[Dataset entries]
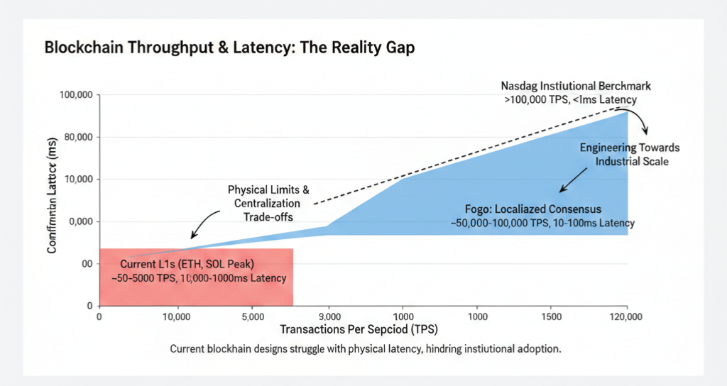 最近在和几个深耕 Solana 生态的朋友撸串时,聊起了一个让我挺感慨的话题,大家都在吐槽现在的 Layer 1 赛道简直是陷入了某种“平庸的死循环”。不管是老牌的以太坊还是风头正劲的各类二层网络,一旦遇上真正的市场波动,那种捉襟见肘的吞吐量和让人高血压的延迟,简直就是对“去中心化金融”这五个字的讽刺。看着以太坊主网那几十 TPS 的可怜带宽,或者是那些号称高性能却在 5000 TPS 面前就集体“宕机”或疯狂拥堵的扩容方案,我总觉得我们离纳斯达克那种每秒十万级操作的工业强度还差着一个大航海时代。这种骨子里的虚弱,在面对全球金融系统的高频博弈时,就像是拿着冷兵器去冲锋坦克阵,不仅效率低下,更是让所谓的高级流动性成了水中月、镜中花。
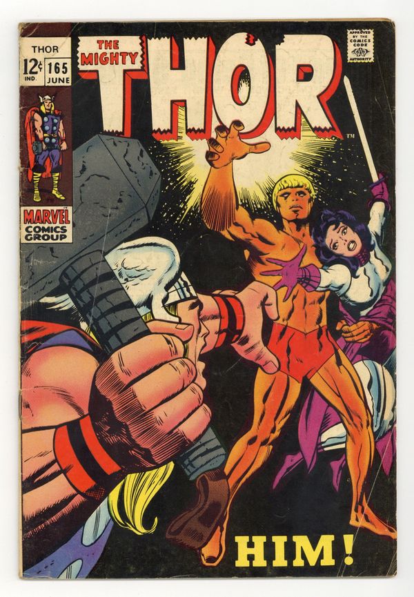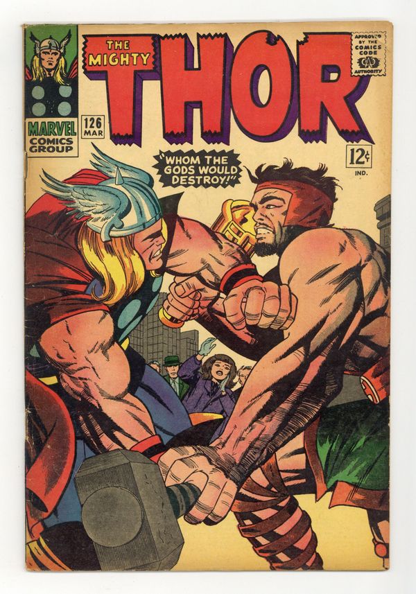 Title becomes Thor; previously Journey Into Mystery. Cover pencils by Jack Kirby, inks by Vince Colletta. "Whom the Gods Would Destroy!", script by Stan Lee, pencils by Jack Kirby, inks by Vince Colletta; Thor and Hercules fight over Jane Foster; Odin, still angry because Thor revealed his identity to Jane, removes half Thor's powers by giving 'Odin Power' to Seidring. Hercules defeats Thor. Marvel Bullpen Bulletins. Tale of Asgard: "The Summons!", script by Stan Lee, pencils by Jack Kirby, inks by Vince Colletta; The Argonauts are called home to Asgard by Odin. Appearances by Balder, Hogun, Fandral, Volstagg, and Odin. The letters page contains a statement of ownership, management and circulation: average print run 377,663; average paid circulation 232,644. 36 pgs., full color. $0.12. Cover price $0.12.
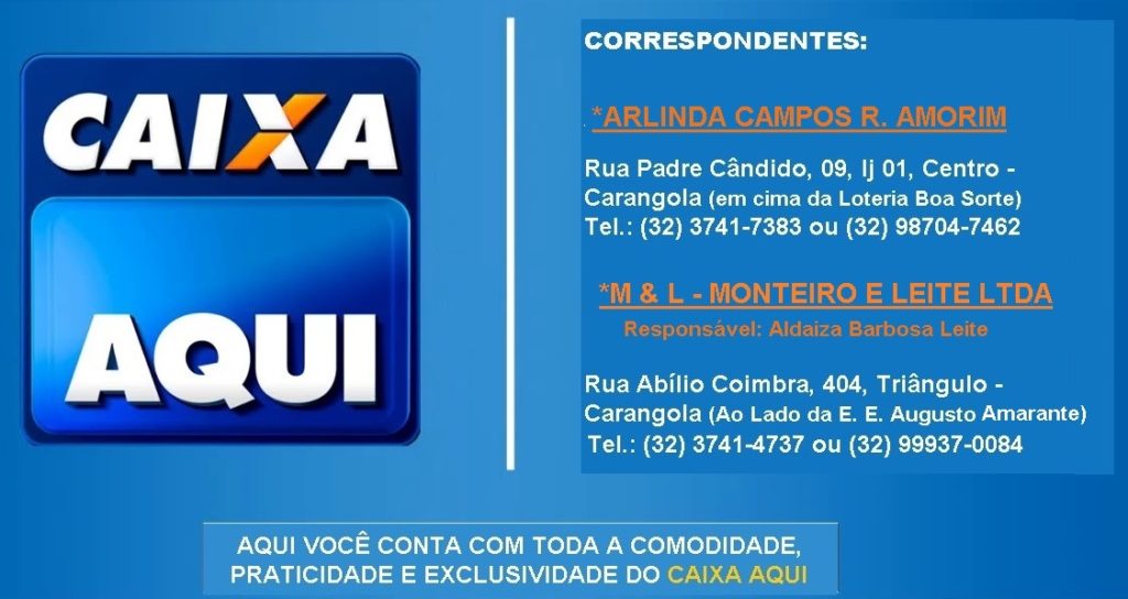 A Caixa oferece diversas formas de financiamento para ajudar você a investir na casa que sempre sonhou, e para ficar ainda melhor os Correspondentes Caixa Aqui ARLINDA CAMPOS R. AMORIM e M & L – MONTEIRO E LEITE LTDA oferecem a você a praticidade para obter produtos e serviços da Caixa, sem precisar deslocar até uma agência bancária, sem enfrentar filas de espera, ou perder seu tempo para conseguir informações.
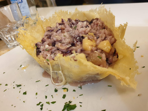 The restaurant is really small, but I loved its modern design, with plants coming out of the walls. The menu is really varied, from vegan to celiac. We started with some asparagus with bacon and parmesan cheese; I found it a little bit small as a portion, but the taste was really good. After this, we proceeded with a risotto with radicchio in a parmesan nest. In the beginning I didn't know what to expect, but then as soon as I saw the dish coming, I understood it had to be amazing. It was definitely the rice in a parmesan plate, so thick and tasteful that you will make it last until the end! Also the rice had a wonderful taste, in contrast with the bitterness of radicchio. To finish the opera, I took a great dessert: cheesecake with fig jam on, made with the local goat cheese and mascarpone. It was a little bit thick, but the taste was..wow! Service was also really good! The restaurant is run by two Italian guys who are really kind and available...
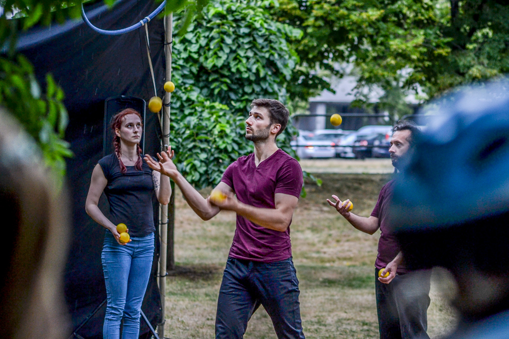 Cie Pol&Freddy [BE] – CIRQUE DEMOCRATIQUE DE LA BELGIQUEPokaz w wykonaniu trupy Pol & Freddy tj. Sander’a De Cuyper’a i Brama Dobbelaere’a z gościnnym udziałem Gaba Bondeweli’a z trupy ShakeThat. Artyści znają się od 20 lat, a swój cyrk demokratyczny założyli w 2006 roku. W swoim demokratycznym cyrku łączą żonglerkę, akrobację i absurdalny humor.
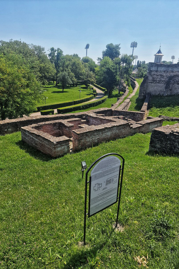 - Fortificațiile Curții Domnești: șanțul de apărare, în formă de potcoavă, având o adâncime de 4,7 metri, zidul interior având o grosime de 1,2-1,4 metri construit din piatră și cărămidă, zidul exterior construit la 2,5 metri de cel interior tot din cărămidă
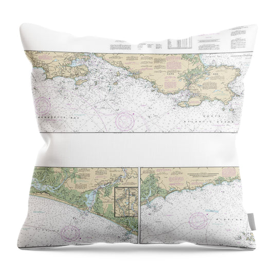 Nautical Chart-13279 Ipswich Bay-gloucester Harbor, Rockport Harbor - Throw Pillow
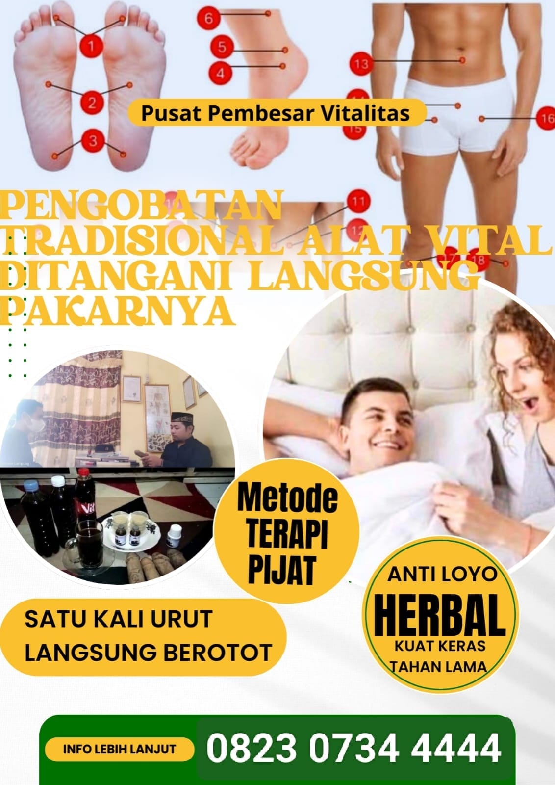 Jangan biarkan masalah vitalitas mengganggu kebahagiaan Anda. Segera lakukan konsultasi dan terapi dengan H. Abdul Azis. Praktek buka setiap hari, termasuk hari libur.

WHAT THE EXERCISE ASKS ->
The expected output is an exact retyping of the lines from the line with "Cie Pol&Freddy [BE]" through the last line of the data, with both ends kept and the pictures dropped.

SOLUTION BELOW ->
 Cie Pol&Freddy [BE] – CIRQUE DEMOCRATIQUE DE LA BELGIQUEPokaz w wykonaniu trupy Pol & Freddy tj. Sander’a De Cuyper’a i Brama Dobbelaere’a z gościnnym udziałem Gaba Bondeweli’a z trupy ShakeThat. Artyści znają się od 20 lat, a swój cyrk demokratyczny założyli w 2006 roku. W swoim demokratycznym cyrku łączą żonglerkę, akrobację i absurdalny humor.
 - Fortificațiile Curții Domnești: șanțul de apărare, în formă de potcoavă, având o adâncime de 4,7 metri, zidul interior având o grosime de 1,2-1,4 metri construit din piatră și cărămidă, zidul exterior construit la 2,5 metri de cel interior tot din cărămidă
 Nautical Chart-13279 Ipswich Bay-gloucester Harbor, Rockport Harbor - Throw Pillow
 Jangan biarkan masalah vitalitas mengganggu kebahagiaan Anda. Segera lakukan konsultasi dan terapi dengan H. Abdul Azis. Praktek buka setiap hari, termasuk hari libur.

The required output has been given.